The work is divided into chunks, each handled by its own thread. For CPU-bound work on large datasets, this can dramatically reduce execution time.

Summary

You have learned the fundamentals of concurrent programming:

  • Threads — Independent flows of execution within a process

  • Mutexes — Mutual exclusion to prevent data races

  • Lock guards — RAII wrappers that ensure mutexes are properly released

  • Atomics — Lock-free safety for single operations

  • Condition variables — Efficient waiting for events

  • Shared locks — Multiple readers or one writer

  • Futures and promises — Communication of results between threads

  • std::async — Simplified launching of parallel work

You have seen the dangers—race conditions, deadlocks—and the tools to avoid them.

Best Practices

  • Start with std::async when possible

  • Prefer immutable data — shared data that never changes needs no synchronization

  • Protect mutable shared state carefully — minimize the data that is shared

  • Minimize lock duration — hold locks for as brief a time as possible

  • Avoid nested locks — when unavoidable, use std::scoped_lock

  • Test thoroughly — test with many threads, on different machines, under load

Concurrency is challenging.
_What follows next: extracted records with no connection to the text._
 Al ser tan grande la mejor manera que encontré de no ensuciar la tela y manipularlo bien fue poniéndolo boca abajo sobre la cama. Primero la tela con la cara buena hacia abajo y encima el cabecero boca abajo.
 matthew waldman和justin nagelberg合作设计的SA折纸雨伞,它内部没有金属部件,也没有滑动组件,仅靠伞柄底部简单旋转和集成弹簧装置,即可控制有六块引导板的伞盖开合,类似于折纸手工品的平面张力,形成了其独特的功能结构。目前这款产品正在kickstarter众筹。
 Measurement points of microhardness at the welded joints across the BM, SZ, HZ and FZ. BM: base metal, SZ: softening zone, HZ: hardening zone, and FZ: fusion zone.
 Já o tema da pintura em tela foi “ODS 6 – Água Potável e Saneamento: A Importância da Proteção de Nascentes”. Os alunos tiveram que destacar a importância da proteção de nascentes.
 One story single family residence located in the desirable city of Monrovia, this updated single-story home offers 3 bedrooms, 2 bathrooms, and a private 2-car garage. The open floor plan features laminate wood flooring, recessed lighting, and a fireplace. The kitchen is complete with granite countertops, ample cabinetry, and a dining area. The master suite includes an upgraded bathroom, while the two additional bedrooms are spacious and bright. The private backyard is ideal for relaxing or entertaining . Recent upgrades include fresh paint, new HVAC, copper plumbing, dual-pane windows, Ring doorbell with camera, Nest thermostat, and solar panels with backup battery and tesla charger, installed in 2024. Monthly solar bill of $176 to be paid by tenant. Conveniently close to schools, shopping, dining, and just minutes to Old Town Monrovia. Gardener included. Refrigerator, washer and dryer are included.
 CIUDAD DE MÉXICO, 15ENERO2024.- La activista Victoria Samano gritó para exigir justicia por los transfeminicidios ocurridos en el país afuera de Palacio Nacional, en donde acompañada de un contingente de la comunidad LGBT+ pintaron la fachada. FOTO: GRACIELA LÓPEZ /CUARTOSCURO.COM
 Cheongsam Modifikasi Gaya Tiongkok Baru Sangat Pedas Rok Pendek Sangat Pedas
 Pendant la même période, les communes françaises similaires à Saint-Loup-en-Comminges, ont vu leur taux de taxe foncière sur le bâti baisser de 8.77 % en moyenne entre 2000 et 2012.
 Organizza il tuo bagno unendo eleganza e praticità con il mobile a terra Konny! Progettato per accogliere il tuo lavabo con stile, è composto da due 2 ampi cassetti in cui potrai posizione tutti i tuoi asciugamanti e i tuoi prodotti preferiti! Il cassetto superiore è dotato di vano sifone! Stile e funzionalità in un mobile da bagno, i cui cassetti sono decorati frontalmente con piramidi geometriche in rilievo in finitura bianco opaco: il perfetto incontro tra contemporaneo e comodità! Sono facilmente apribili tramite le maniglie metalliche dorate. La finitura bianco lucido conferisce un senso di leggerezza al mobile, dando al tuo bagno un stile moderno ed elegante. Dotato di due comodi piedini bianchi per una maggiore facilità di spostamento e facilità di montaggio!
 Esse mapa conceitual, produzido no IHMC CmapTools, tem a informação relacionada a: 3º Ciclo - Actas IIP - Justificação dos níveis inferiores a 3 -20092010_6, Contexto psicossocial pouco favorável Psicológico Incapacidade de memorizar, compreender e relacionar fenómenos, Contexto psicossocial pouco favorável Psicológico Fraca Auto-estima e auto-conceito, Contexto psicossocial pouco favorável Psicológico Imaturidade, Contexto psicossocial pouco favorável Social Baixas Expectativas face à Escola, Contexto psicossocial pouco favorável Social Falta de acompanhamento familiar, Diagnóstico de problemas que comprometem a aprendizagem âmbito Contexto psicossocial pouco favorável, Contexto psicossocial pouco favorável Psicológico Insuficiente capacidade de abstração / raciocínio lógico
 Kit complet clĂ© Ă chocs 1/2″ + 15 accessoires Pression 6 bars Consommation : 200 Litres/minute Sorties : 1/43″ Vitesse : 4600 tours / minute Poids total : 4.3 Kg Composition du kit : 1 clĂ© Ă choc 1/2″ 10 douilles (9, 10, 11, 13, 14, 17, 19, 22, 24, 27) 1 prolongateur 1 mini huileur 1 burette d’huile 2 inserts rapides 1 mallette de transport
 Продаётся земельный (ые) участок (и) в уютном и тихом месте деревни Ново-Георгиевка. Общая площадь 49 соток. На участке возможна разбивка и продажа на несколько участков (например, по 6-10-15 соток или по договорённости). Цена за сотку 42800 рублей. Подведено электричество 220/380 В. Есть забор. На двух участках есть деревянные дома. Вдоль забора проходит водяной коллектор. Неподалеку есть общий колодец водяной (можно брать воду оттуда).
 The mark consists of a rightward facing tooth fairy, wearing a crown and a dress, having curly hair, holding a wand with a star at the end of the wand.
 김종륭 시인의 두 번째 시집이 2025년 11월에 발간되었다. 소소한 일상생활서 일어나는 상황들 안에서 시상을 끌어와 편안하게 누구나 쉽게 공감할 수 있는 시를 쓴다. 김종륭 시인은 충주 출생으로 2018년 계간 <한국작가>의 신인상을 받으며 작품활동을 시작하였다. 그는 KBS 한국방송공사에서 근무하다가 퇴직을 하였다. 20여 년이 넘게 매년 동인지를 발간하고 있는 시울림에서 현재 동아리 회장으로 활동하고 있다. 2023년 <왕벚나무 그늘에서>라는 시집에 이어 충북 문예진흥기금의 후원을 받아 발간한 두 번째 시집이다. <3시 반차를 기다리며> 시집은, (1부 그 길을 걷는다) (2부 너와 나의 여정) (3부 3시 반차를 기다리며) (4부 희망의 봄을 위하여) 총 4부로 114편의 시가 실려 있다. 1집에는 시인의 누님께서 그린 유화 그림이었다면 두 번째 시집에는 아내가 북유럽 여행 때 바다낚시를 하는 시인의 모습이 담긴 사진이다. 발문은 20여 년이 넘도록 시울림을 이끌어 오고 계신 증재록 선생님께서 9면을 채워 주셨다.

Bugs hide until the worst moment. Testing is hard because timing varies. But the rewards are substantial: responsive applications, full hardware utilization, and elegant solutions to naturally parallel problems.

This foundation prepares you for understanding Capy’s concurrency facilities: thread_pool, strand, when_all, and async_event. These build on standard primitives to provide coroutine-friendly concurrent programming.